I sent Joey a sarcastic look over my shoulder before returning my gaze to the horizon. “No. Pleasantly lukewarm. Not putting yours in?”



“I’m not scared.” He was looking intently at the sea foam that was rushing towards his feet but always stopping short of them when I glanced back at him. He was smiling. “I just won’t want to come back out again.”

A pause. “Joey?”


“I think I should probably apologise.” He looked up at me slowly, confused.

“The gay shit?” I nodded. His smile grew bitter. “Of course you’ve heard.”

“I don’t believe it. And can’t Ryan—Ryan knows that nothing happened, Joey-”

“Ryan also fucked Courtney,” he snapped, words staccato; harsh and quick. When he cleared his throat afterwards, his hands followed the gesture by curling into fists by his side. A minute passed before Joey stepped into the sea, and then he kept going until he was knee deep.

“While—” My mouth had fallen open in shock. “While you guys were still—?”

“Are you up for going for another swim?” he interrupted, still facing the sea. At my lack of reply, he mimicked me, moving a chin over his shoulder. The sardonic eyebrow had the corner of my lip twitching, but the moment didn’t seem to allow it to fully stretch. Humour wouldn’t work. He didn’t seem alright, to me. “Don’t be chickenshit.”

I slowly followed him in further, trying to stifle the shivers that had already begun to race through my body.

Should have brought a towel.

“I really don’t think I can,” I muttered. “If that makes me chickenshit, then...” The water looked so dark. Unsettling, almost, and the waves had only continued to grow more agitated. We both rose to our toes, rocking with a wave as it rolled across us, almost reaching our hips.

“Everyone believes it. And—and, considering what Ryan said at mine… That night,” he sent a furtive glance over to Curtis’ hut. “Why wouldn’t they?”

“Because it’s not true.”

Joey said nothing.

I licked my lips and finally lifted my arms to hug myself, rubbing at the frozen muscles I could reach. “What are you going to do?”

“I don’t have a lot of options,” Joey replied vacuously.

I found that I was very aware of the rising of my chest as I watched Joey’s lips part. His head tilted upwards, shoulders rising slightly as he took a breath in.

“You have options,” I said. Attempted a not so genuine joke; “You could kiss me, or I could kiss you.” I didn’t blame Joey for staring at me as if I’d lost my mind. “Make the rumours true.” I laughed awkwardly. “Or we could go back to the hut and forget I just that.”
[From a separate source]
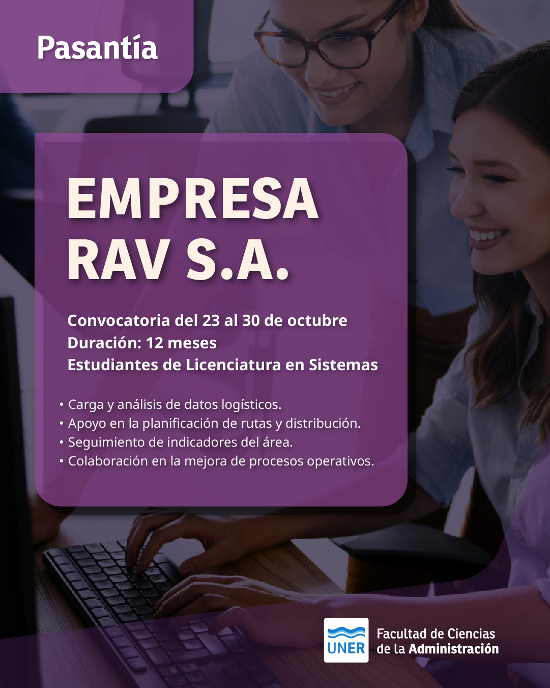 Se encuentra abierta la convocatoria para pasantías educativas, la misma es solicitada por la empresa RAV S.A. A continuación se detallan las áreas que solicitan pasantes, tareas, duración, horarios, requisitos y asignación estímulo.
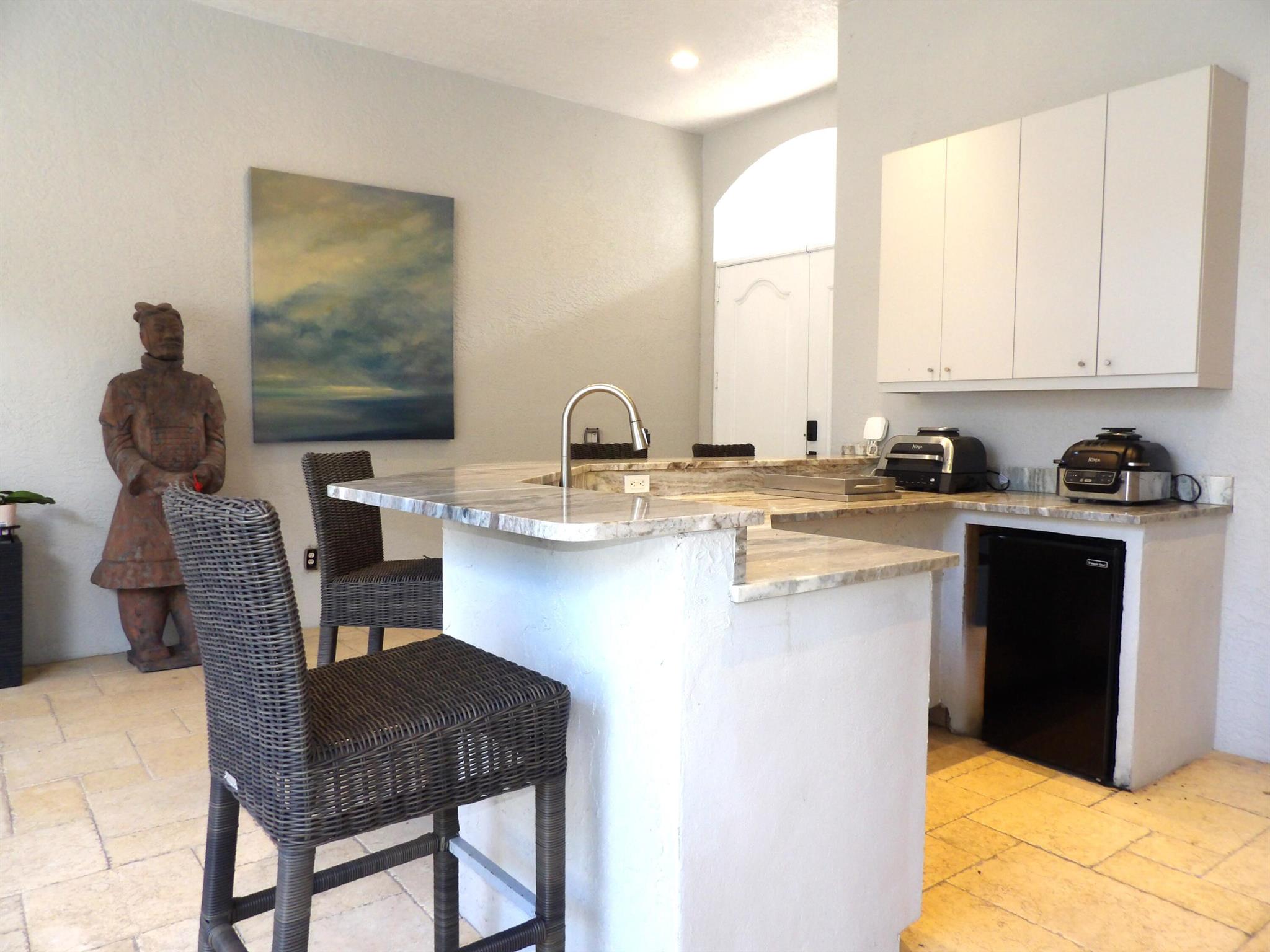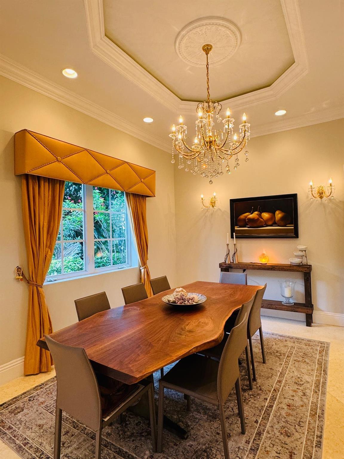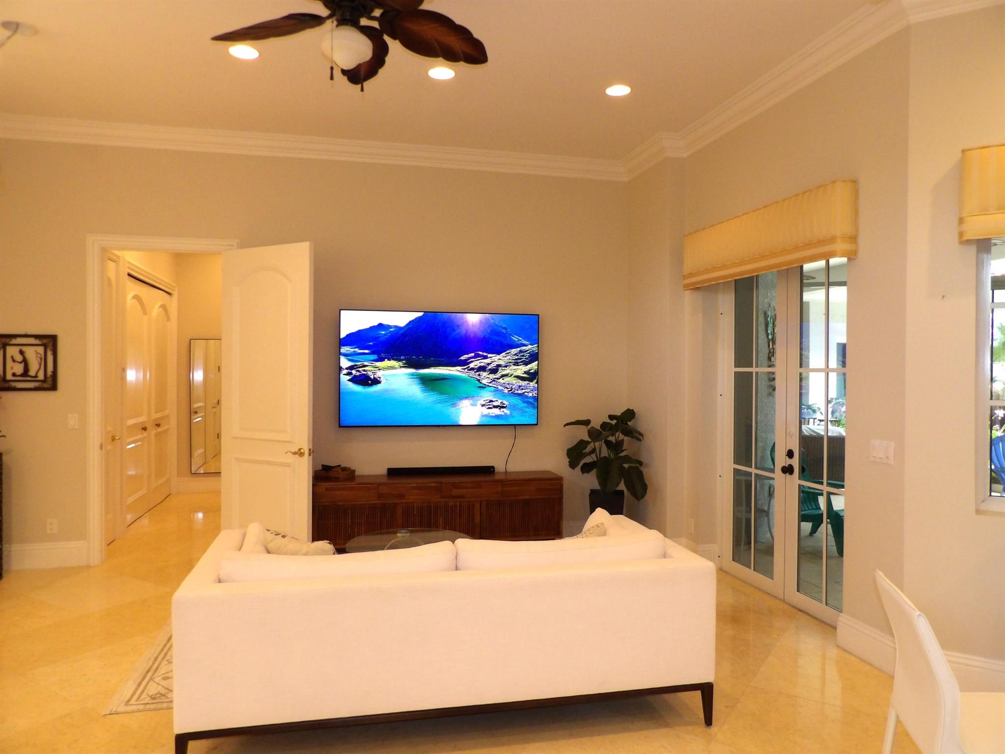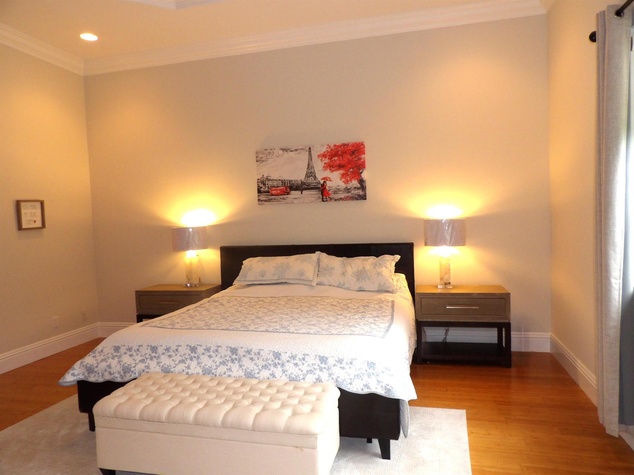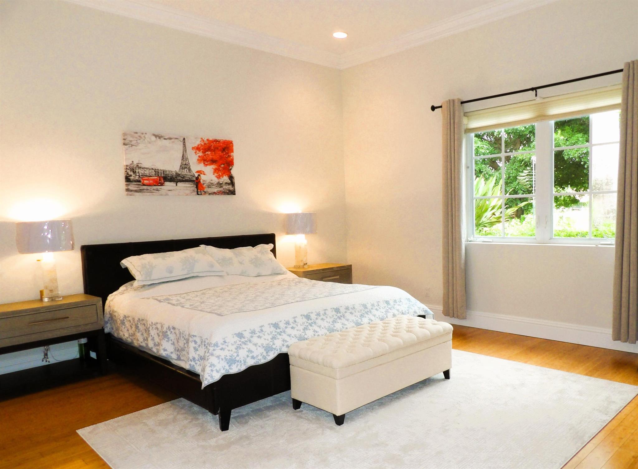 Elegant custom estate in prestigious Presidential Estates, built in 2008 with hurricane-safe construction rated to 240 mph. This home offers 4 spacious bedrooms, an office, and 3.5 baths. The classically center courtyard true private retreat features a private guest quarters, pool, fountain, and summer kitchen--perfect for entertaining or relaxing. Inside, a brand-new quartzite gourmet kitchen pairs with solid wood cabinetry, seemles tile flooring. Elegant details include Egypcian marble thougout, Swarovski crystal chandeliers, and gold accents for timeless sophistication. Set on a 110x137 lot plus a 1/4-acre canal easement with direct access to Lake Mangonia, two kayaks included. Just minutes to downtown, beaches, airport, and premier shopping. This home offers both luxury and convenience

He shook his head. “I want to swim.”

It wasn’t the answer I’d been expecting, and that somehow made me wish he’d responded to the first to options by stepping up to me, grabbing my hips—

I took a step closer to Joey and tugged at his arm gently. “It’s getting really cold. Options won’t matter if you die of pneumonia.”

He turned to face me fully, and his ordinarily clear blue eyes were stormy just then. Whether it was due to the anguish he was communicating through them or the reflection of the sea surrounding us and the dark sky above, I didn’t know.

“I had two people,” he said. “Ryan, and my mum. And I’ve managed to push them both away.” His voice had risen up and down, uncertain, like the waves that lapped my knees, his thighs. I inched closer still, fingers falling lower but clinging to the fabric of his full-body wetsuit. Curtis’. “I need to go,” he said, almost pleading. “I need to swim.” It sounded like he’d break down at any given moment—his voice would crack, throat give way. But his eyes were dry; face too carefully blank.

His eyes drifted past me to the horizon, and his head followed the movement. They settled on a cruise ship perched in the distance that I hadn’t noticed before.

“I want to swim until I get to the edge,” he continued, “And –” Joey swallowed audibly. “This is all I have. I come here to think, and—”

“And I ruined that for you,” I said, in realisation. “Friday night, and again today.”

Joey didn’t reply for a moment, and then he shook his head, words hesitant and slow. Spoken as if he was only coming to recognise their validity as they fell from his lips; “No. It wasn’t so bad, last time.”

The corners of my lips twitched upwards when he turned to face me. “But now?” My hand dropped to my side as I watched the rise and fall of his larynx.

“This is okay too. Actually, this…” He shrugged. “Today has been good. I should probably thank you.”

I wanted to kiss him. I needed to. And then I did.